## EXERCISE
From the line with "ОТВЕТ на задание" to the line with "Ivy Wiegand placed", output every line below exactly, both ends included. Skip the pictures.

## MATERIAL TO PROCESS
********
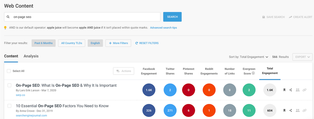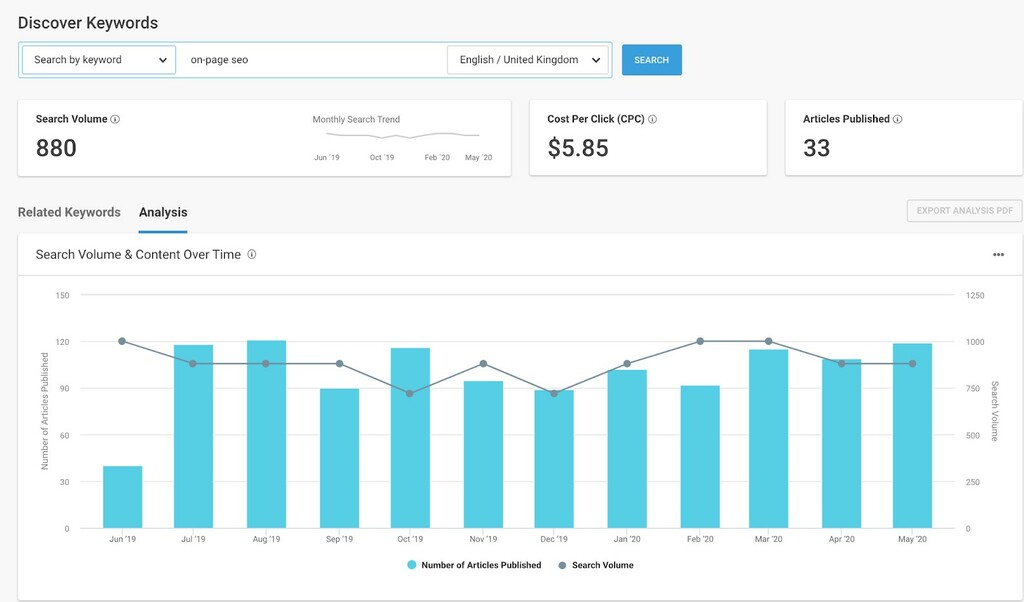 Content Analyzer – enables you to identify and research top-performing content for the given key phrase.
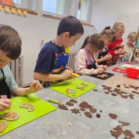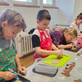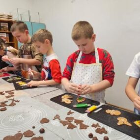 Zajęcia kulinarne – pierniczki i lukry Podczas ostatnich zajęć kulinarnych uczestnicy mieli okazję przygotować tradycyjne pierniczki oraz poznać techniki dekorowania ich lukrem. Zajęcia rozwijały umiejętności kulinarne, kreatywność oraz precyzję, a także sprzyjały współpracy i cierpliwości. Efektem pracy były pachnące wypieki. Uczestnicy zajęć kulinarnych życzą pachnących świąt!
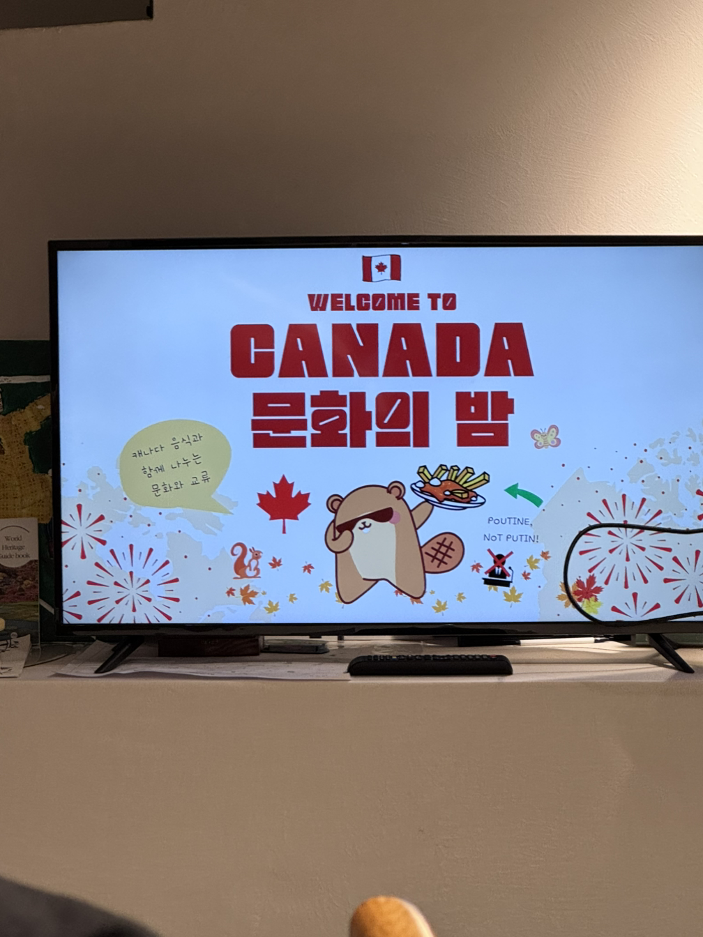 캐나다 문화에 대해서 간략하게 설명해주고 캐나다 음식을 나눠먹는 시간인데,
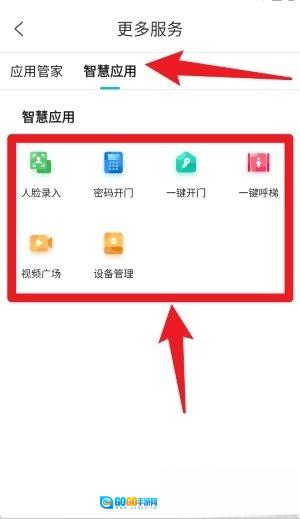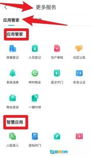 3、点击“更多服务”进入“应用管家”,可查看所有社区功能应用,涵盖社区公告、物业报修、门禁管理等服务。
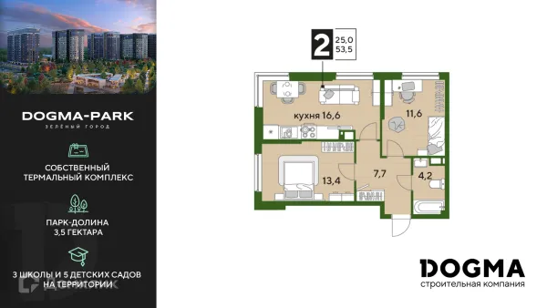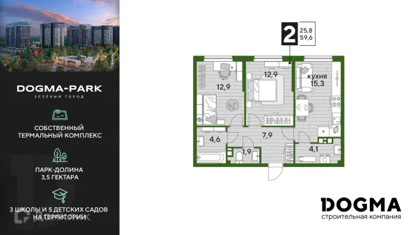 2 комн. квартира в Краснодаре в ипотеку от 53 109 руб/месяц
********
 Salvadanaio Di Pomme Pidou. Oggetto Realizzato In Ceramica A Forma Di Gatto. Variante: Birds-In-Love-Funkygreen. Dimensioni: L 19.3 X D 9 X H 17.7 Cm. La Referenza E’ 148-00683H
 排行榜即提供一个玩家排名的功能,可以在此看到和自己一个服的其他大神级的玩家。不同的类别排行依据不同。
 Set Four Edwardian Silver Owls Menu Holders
********
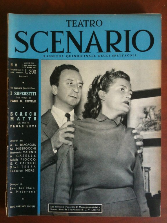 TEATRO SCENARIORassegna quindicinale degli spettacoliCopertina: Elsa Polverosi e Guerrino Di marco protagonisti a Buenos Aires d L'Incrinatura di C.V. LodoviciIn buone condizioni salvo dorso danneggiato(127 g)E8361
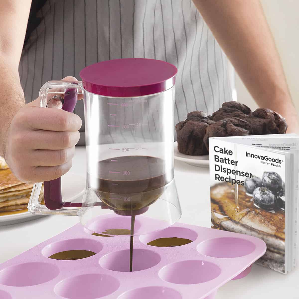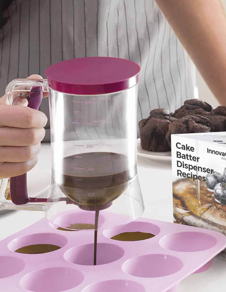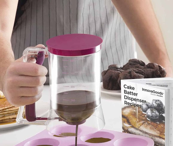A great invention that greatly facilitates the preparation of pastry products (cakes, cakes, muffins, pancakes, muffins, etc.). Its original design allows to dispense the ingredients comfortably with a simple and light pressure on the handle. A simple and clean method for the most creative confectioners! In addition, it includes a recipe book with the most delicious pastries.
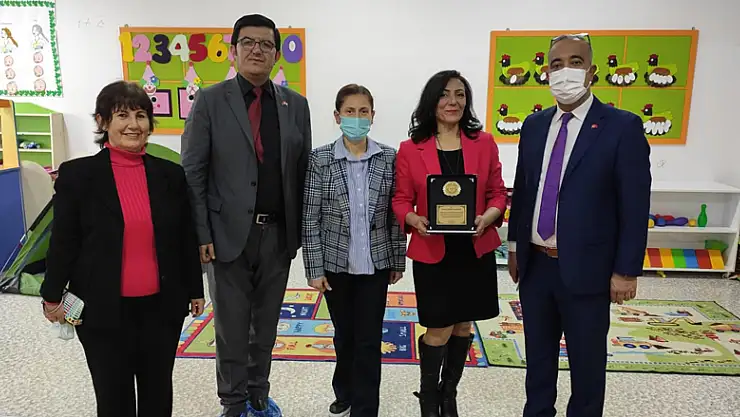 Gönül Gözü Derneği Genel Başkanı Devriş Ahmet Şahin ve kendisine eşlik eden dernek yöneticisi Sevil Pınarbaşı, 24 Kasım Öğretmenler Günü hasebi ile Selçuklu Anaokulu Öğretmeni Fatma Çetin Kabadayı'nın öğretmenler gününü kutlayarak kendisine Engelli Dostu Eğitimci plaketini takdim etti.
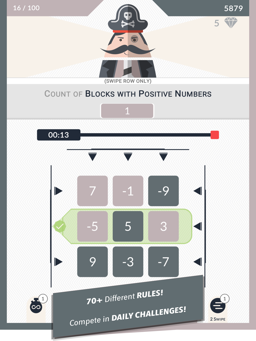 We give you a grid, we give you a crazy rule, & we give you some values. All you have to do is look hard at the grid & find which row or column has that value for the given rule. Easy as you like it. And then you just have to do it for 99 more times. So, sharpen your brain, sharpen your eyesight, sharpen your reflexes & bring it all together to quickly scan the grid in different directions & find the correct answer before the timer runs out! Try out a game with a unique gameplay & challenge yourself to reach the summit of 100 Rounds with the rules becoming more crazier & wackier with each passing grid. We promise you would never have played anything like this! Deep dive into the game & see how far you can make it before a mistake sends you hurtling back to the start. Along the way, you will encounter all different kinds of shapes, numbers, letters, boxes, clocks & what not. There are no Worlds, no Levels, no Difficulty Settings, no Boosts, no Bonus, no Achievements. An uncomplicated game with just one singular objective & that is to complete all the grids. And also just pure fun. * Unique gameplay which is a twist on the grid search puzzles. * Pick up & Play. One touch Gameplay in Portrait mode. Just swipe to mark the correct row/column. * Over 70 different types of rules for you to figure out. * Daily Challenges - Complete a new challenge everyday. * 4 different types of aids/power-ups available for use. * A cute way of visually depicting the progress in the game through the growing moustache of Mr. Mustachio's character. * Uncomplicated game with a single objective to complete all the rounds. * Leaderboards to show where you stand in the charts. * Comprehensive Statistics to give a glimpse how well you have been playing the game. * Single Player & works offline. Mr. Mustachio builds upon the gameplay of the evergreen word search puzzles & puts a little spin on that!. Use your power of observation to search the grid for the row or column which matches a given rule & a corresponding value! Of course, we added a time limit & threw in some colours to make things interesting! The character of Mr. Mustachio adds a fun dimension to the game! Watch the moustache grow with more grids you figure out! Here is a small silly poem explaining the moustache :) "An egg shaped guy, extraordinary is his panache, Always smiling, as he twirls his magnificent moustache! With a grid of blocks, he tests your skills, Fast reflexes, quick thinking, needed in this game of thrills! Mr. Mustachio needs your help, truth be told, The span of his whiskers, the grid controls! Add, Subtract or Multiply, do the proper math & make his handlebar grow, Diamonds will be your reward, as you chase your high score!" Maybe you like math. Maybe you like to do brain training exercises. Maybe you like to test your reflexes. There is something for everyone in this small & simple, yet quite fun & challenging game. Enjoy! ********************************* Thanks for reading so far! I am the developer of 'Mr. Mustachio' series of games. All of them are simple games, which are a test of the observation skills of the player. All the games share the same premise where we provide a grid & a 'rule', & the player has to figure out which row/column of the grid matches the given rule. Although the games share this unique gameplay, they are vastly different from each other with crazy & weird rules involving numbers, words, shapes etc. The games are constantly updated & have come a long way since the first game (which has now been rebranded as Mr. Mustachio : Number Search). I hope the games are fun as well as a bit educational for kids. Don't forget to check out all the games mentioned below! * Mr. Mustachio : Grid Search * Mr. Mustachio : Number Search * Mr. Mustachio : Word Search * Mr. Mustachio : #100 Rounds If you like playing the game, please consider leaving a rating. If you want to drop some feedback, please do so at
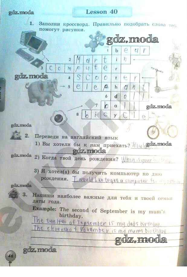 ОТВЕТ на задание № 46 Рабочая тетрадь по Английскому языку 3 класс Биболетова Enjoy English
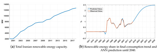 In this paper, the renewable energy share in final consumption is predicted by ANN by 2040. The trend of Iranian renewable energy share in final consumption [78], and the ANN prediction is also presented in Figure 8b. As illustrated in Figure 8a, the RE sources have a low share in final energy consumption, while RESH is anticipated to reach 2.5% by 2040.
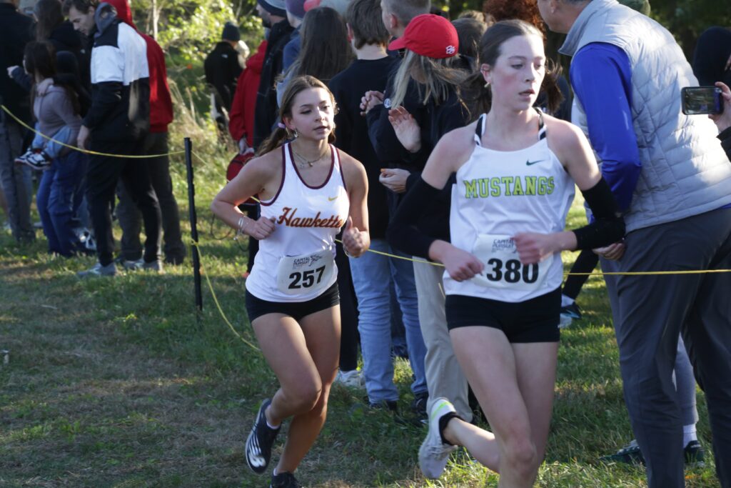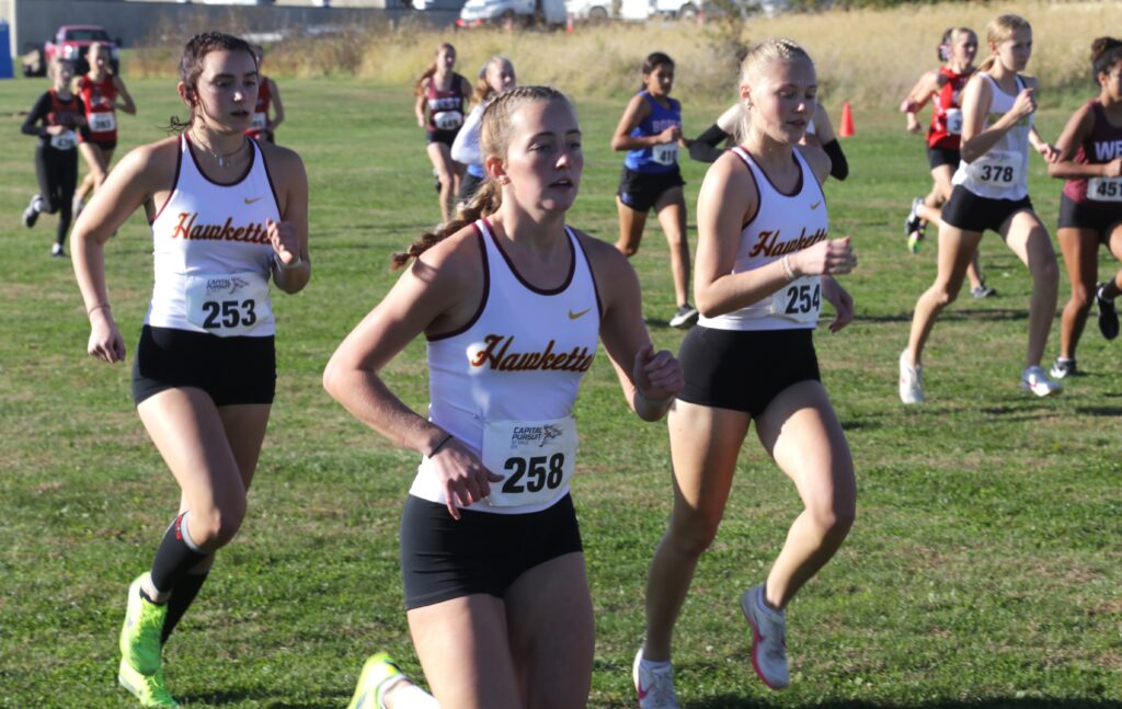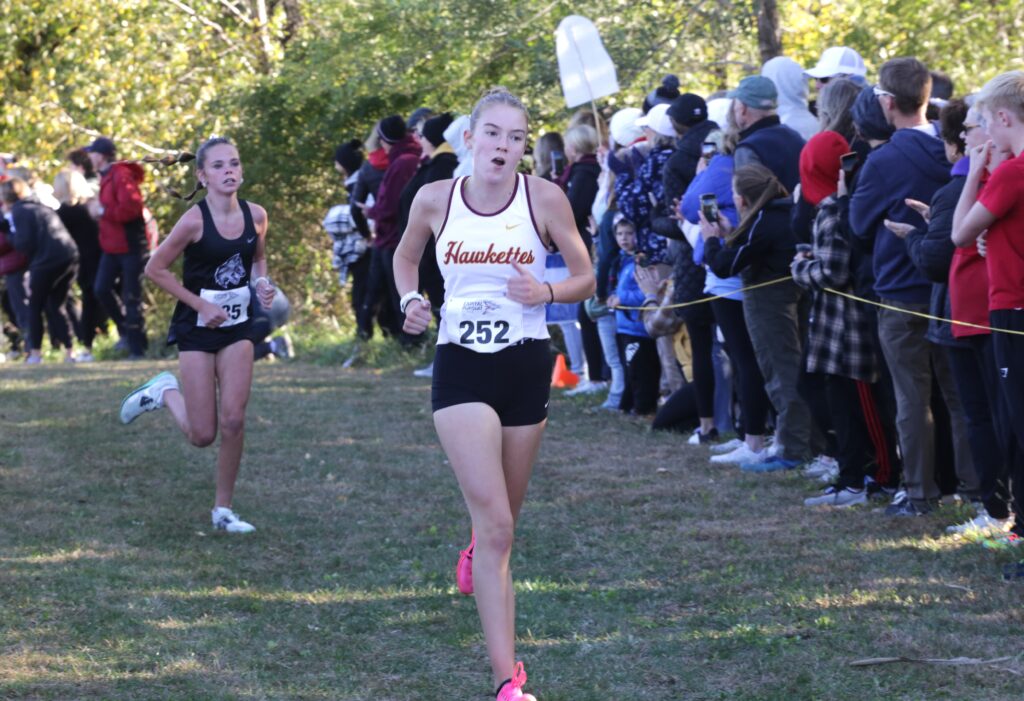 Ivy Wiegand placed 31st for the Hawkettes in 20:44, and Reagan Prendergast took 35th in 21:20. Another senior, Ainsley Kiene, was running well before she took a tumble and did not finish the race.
********
## ANSWER
 ОТВЕТ на задание № 46 Рабочая тетрадь по Английскому языку 3 класс Биболетова Enjoy English
 In this paper, the renewable energy share in final consumption is predicted by ANN by 2040. The trend of Iranian renewable energy share in final consumption [78], and the ANN prediction is also presented in Figure 8b. As illustrated in Figure 8a, the RE sources have a low share in final energy consumption, while RESH is anticipated to reach 2.5% by 2040.
 Ivy Wiegand placed 31st for the Hawkettes in 20:44, and Reagan Prendergast took 35th in 21:20. Another senior, Ainsley Kiene, was running well before she took a tumble and did not finish the race.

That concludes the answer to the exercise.